Marriage is under attack like never before, and I'm not even talking about from the homosexual community.  I'm simply talking about marriage inside the church is under attack.  The devil knows that if he can get Christian marriages off course and get couples distracted by petty arguments and fights that he can veer them off course from their main objective.  The main objective for a Christian couple is to model Jesus Christ to the lost world around them, and to others in their circle of influence.  Jesus created marriage as a picture of his love for the church.  So our marriages should reflect a bigger message!

What are some ways that we as Christians can stay focused on that bigger message?

1. Be aware of the attacks as they come.  
Be sober-minded; be watchful. Your adversary the devil prowls around like a roaring lion, seeking someone to devour.  1 Peter 5:8

A solider is going to always keep on alert.  He will never let his guard down.  Why?  Because he knows the second he does, that the enemy will pounce.  There is no difference in the Christian world.  Our enemy is always looking for weakness so that he can pounce and devour.  Stay alert!  Be on guard!  Especially in your marriage.

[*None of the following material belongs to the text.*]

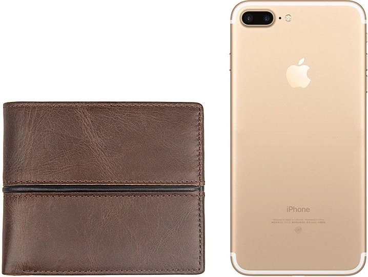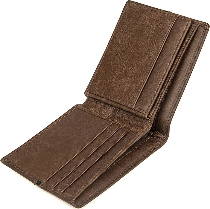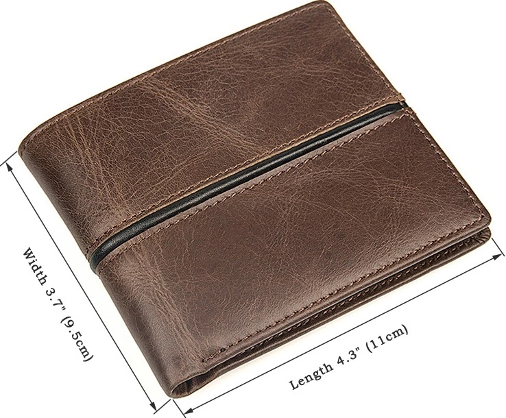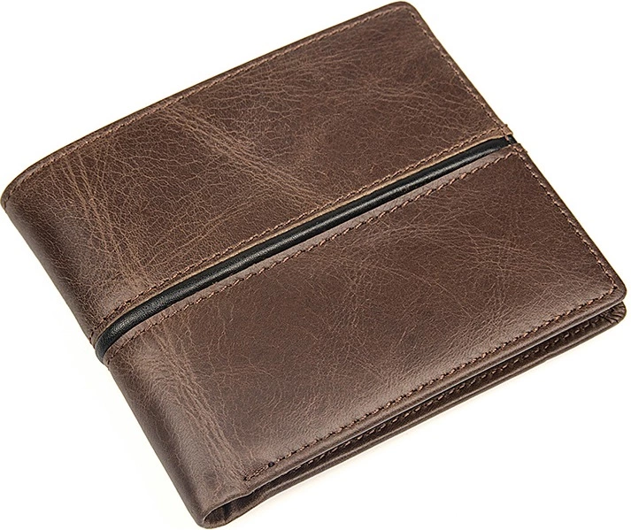 Оригинальный мужской кожаный бумажник коричневого цвета, с горизонтальной черной, кожаной вставкой посередине. Кошелек надежно прошит светло-коричневой нитью. Аксессуар удобно держать в руке, а также он легко может поместиться в передний или задний карман брюк. Отлично подойдет в качестве подарка. Кошелек упакован в текстильный пылезащитный мешочек белого цвета.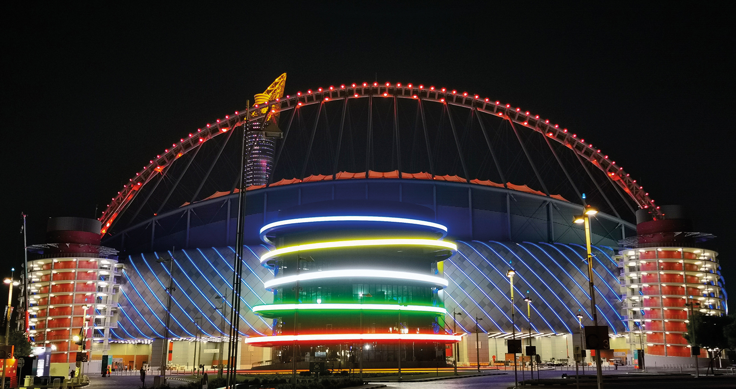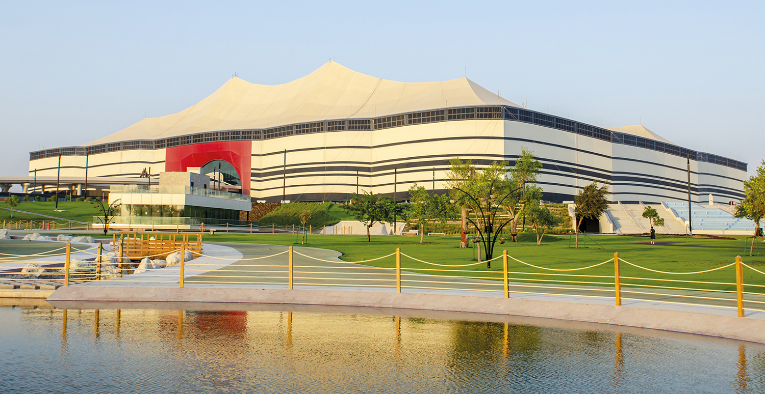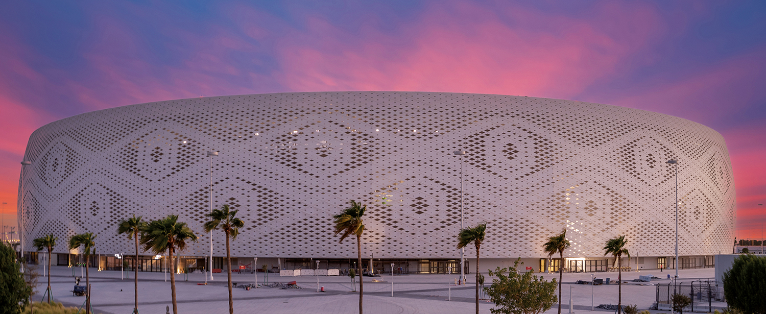The World Cup’s second largest venue accommodates 60,000 fans. The design, by consultant Dar Al-Handasah, is inspired by the traditional tents of Qatar’s nomadic peoples and features a retractable roof.

2. Be on mission together. 
Only let your manner of life be worthy of the gospel of Christ, so that whether I come and see you or am absent, I may hear of you that you are standing firm in one spirit, with one mind striving side by side for the faith of the gospel,  Phil 1:27

We need husbands and wives who have a gospel-centered mind-set together!  They need to be both be of 'one mind striving side by side for the faith of the gospel.'  Couples who are viewing their calling as a couple who belong to Jesus fight MUCH less and argue less because they are both focused on the mission of getting the gospel of Jesus Christ out to the world.   You see, they don't' have time to focus on each other flaws because they are busy being on a gospel-centered mission. 

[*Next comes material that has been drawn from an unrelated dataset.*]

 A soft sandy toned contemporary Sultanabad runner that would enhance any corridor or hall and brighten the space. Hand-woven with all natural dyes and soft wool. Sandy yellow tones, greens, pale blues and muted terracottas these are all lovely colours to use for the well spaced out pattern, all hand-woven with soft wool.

3. Be committed to local church together. 

24 And let us consider how to stir up one another to love and good works, 25 not neglecting to meet together, as is the habit of some, but encouraging one another, and all the more as you see the Day drawing near. Hebrews 10:24-25

Historically, if you look at couples that have strong ties to a local church and are committed to a particular church their marriages are stronger. They are apart of a community that brings real community and accountability as well as fellowship with other believers who are on the same mission. Couples who are not very committed to a biblical community, their relationship lacks depth and actual meaning.  And sadly what happens many times is that each person in the marriage starts to put their energy and focus on things that really don't matter in terms of eternity.  Which will in tern bring a lot of frustration in the marriage.  

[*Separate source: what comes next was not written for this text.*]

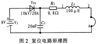 圖2中,V1為低壓直流電源,R1為限流電阻。由V1通過R1提供一個直流電流給單匝復(fù)位線圈A。在高壓脈沖變壓器工作時,單匝線圈A上會感應(yīng)較高的電壓,利用電感L1,電容C1和高壓硅堆VD1對低壓直流電源V1進(jìn)行保護。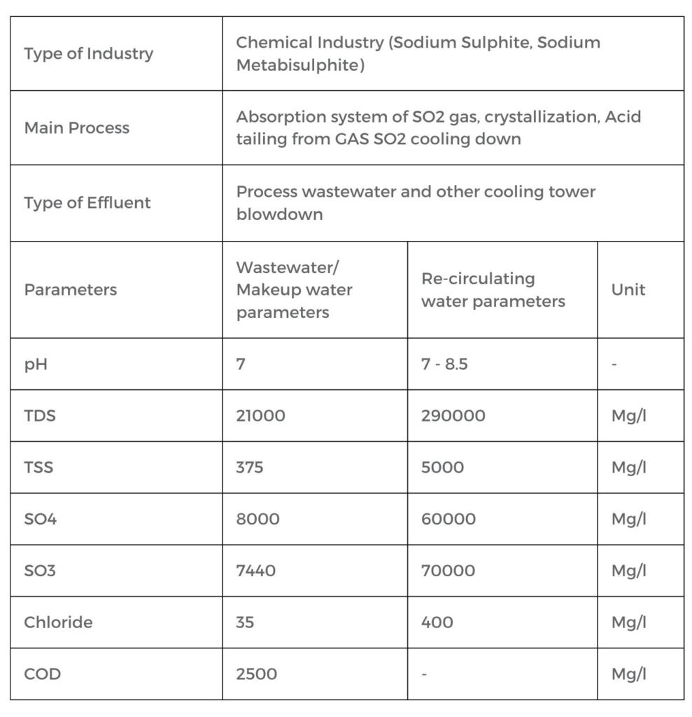 ABCTL is generating 250 m3/day Process wastewater having TDS of 20,000 ppm. As per Thai Pollution Control Board norms, ABCTL had to recycle this effluent for reuse and to achieve Zero Liquid Discharge (ZLD). Quality of this effluent was not suitable for RO hence they had no other option but to install Multi Effect Evaporator (MEE) for achieving ZLD objective. High CAPEX & OPEX was the serious concern for them to treat 250 m3/day process wastewater through Evaporator (MEE)

Now I know and understand that we are all humans and that sometimes we sin and mess up.  But this is where GRACE has to be active in our lives.  We need to be willing to give and accept grace from each other as husband and wives.  When we fail to be quick to ask for forgiveness and be quick to give forgiveness out.  In other words, keep short accounts of each other's flaws and wrongdoings (just like Jesus does for you and I.) 

When we start to live this way we let the world know that the Gospel is alive and active in our daily lives and marriages.